I don't mind those first
few cold days of winter. I think the pristine whiteness of that
first measurable snowfall is beautiful - and the newly white world
serene and breathtaking. I like the way the sound cracks in the
cold, clear, crisp air and I love to look at the skeletons of the
summer trees when they are dressed it their covering of ghost-white
snow.
My mind's vision of snowy hills and wistful flakes drifting through
the winter twilight is both a happy one and a sadly nostalgic one.
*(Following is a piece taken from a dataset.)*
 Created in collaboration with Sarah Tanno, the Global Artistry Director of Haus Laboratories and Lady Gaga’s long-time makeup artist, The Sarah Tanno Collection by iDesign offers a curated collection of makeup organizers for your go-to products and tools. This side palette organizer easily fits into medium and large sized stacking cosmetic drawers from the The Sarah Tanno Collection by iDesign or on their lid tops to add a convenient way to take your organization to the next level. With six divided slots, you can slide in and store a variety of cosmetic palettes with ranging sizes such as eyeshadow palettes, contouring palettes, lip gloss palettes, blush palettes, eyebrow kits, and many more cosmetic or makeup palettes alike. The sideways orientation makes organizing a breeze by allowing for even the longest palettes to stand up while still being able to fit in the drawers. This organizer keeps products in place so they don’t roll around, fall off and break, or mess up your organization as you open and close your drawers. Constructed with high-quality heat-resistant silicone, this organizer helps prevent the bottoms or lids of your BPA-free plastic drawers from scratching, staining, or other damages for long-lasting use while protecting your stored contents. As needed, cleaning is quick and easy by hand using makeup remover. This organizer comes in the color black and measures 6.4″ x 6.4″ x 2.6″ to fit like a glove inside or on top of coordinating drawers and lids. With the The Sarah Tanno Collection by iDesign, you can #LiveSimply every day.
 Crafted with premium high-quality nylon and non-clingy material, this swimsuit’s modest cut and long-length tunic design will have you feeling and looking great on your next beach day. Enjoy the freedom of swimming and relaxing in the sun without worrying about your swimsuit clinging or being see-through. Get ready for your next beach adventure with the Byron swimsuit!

Never again will I be a small boy dragging a red sled behind me -
and standing at the top of a mighty hill, looking down toward the
bottom with trepidation and excitement. Never again will I be a
young child with frozen fingers and toes, running home to glowing,
warm house and a sweet cup of hot chocolate - that tastes even
sweeter now because I know my mom made it for me from scratch. It
was not the instant kind from a pouch.
With a profound and melancholy yearning, I picture myself a child,
lacing up his new ice skates, sitting next to a warm, blazing,
bonfire. As surely as this movie has been indelibly etched in some
deep, untouchable corner of my mind, so have the happy sounds of
laughter of the children gliding by me. I can hear their skates
making clear sharp sounds as they slide and scrape the smooth and
strangely-blue ice. These sounds are recorded in somewhere in
another almost hidden sector of my mind. Wherever these vibrant
memories are stored in my mind, whenever I play this back this scene
in my mind, the soundtrack is always synchronized perfectly with the
movie that I watch in my memory.
A shiver runs through me as I recall those happy days and a deep,
dark sorrow grips me for the days I can never live again.
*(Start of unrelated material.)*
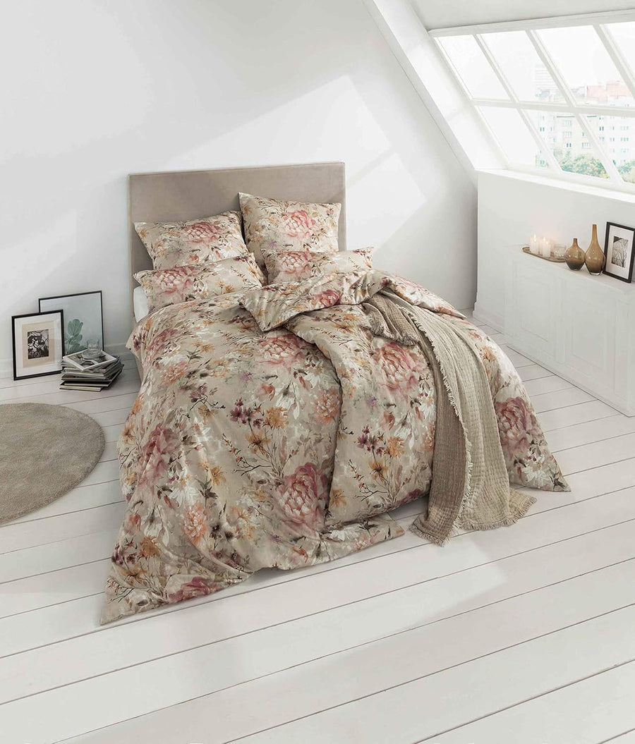 ESTELLA Mako-Satin Bettwäsche Lily Multicolor 1 Bettbezug 135 x 200 cm + 1 Kissenbezug 80 x 80 cm, 1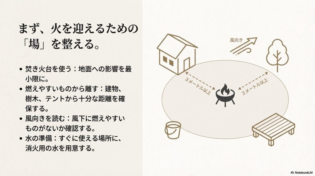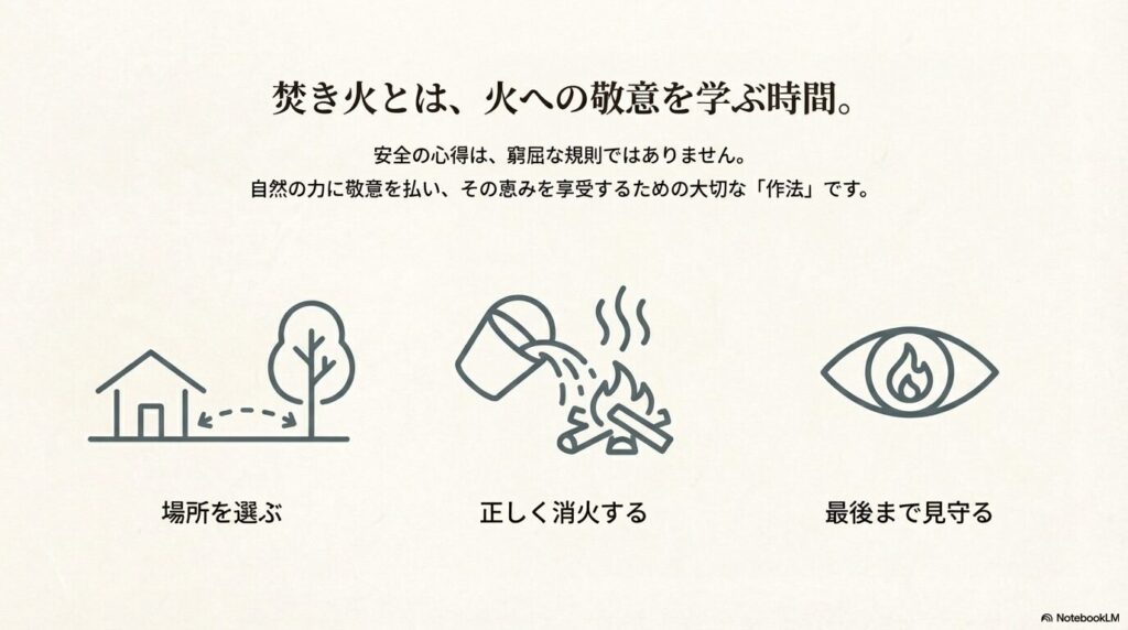 - 庭で焚き火を安全に楽しむための具体的なルールが分かる

Winter is an amalgam of happy and sad, of yearning and contentment,
of sweet and bitter. I wonder how I became what I am and I wonder
what I'll be years from now. I wonder if the reflections of the past
are somehow honed by time into something they never were. Maybe what
is too painful to remember our minds simply choose to erase. Maybe
it is the laughter and happy times I remember most easily. Maybe
those sad, dark, and bitter memories become more and more difficult
to recall after time has had a chance to massage and erode them.
Maybe my mind works its magic secretly, and unknown to me, it has
been busying itself filtering, eroding and erasing. Maybe the day
will come when I won't be able to recall the bitter, sad, hurtful
memories at all anymore. Maybe its a the natural filter of time at
work and maybe all I am and all I will ever be is filtered by my
perceptions of the memories I can recall most easily and not so much
by those which are faded and difficult to remember.
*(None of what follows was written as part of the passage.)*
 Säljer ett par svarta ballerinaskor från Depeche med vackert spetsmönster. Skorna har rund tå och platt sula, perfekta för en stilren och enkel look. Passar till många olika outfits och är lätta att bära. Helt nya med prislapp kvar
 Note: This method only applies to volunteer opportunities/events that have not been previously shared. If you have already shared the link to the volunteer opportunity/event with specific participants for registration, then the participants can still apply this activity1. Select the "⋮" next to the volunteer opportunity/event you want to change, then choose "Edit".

I don't think I want those bad memories filtered so much. I want to
remember the dark, hurting, sad days too. I'm not sure why - it just
seems they are as much a part of me as the happy ones. I think I am
the sum of them all; I am the sum of the happy and the sad. I am the
sum of the bitter and the sweet, of the bad and the good, of the
morose and the sublime.
Today, though, I am the boy with the red sled and the shiny new ice
skates. Having long since said goodbye to summer, and with autumn
struggling to stave off the hard, biting winds of winter, I will
look out the window today waiting for those first few flakes of
snow. When I see them I will run outside and look up at the sky and
catch a snowflake on my tongue.
There will always be a child inside me; it is the child inside the
man. And, I love the gifts he gives me too much to ever let him go.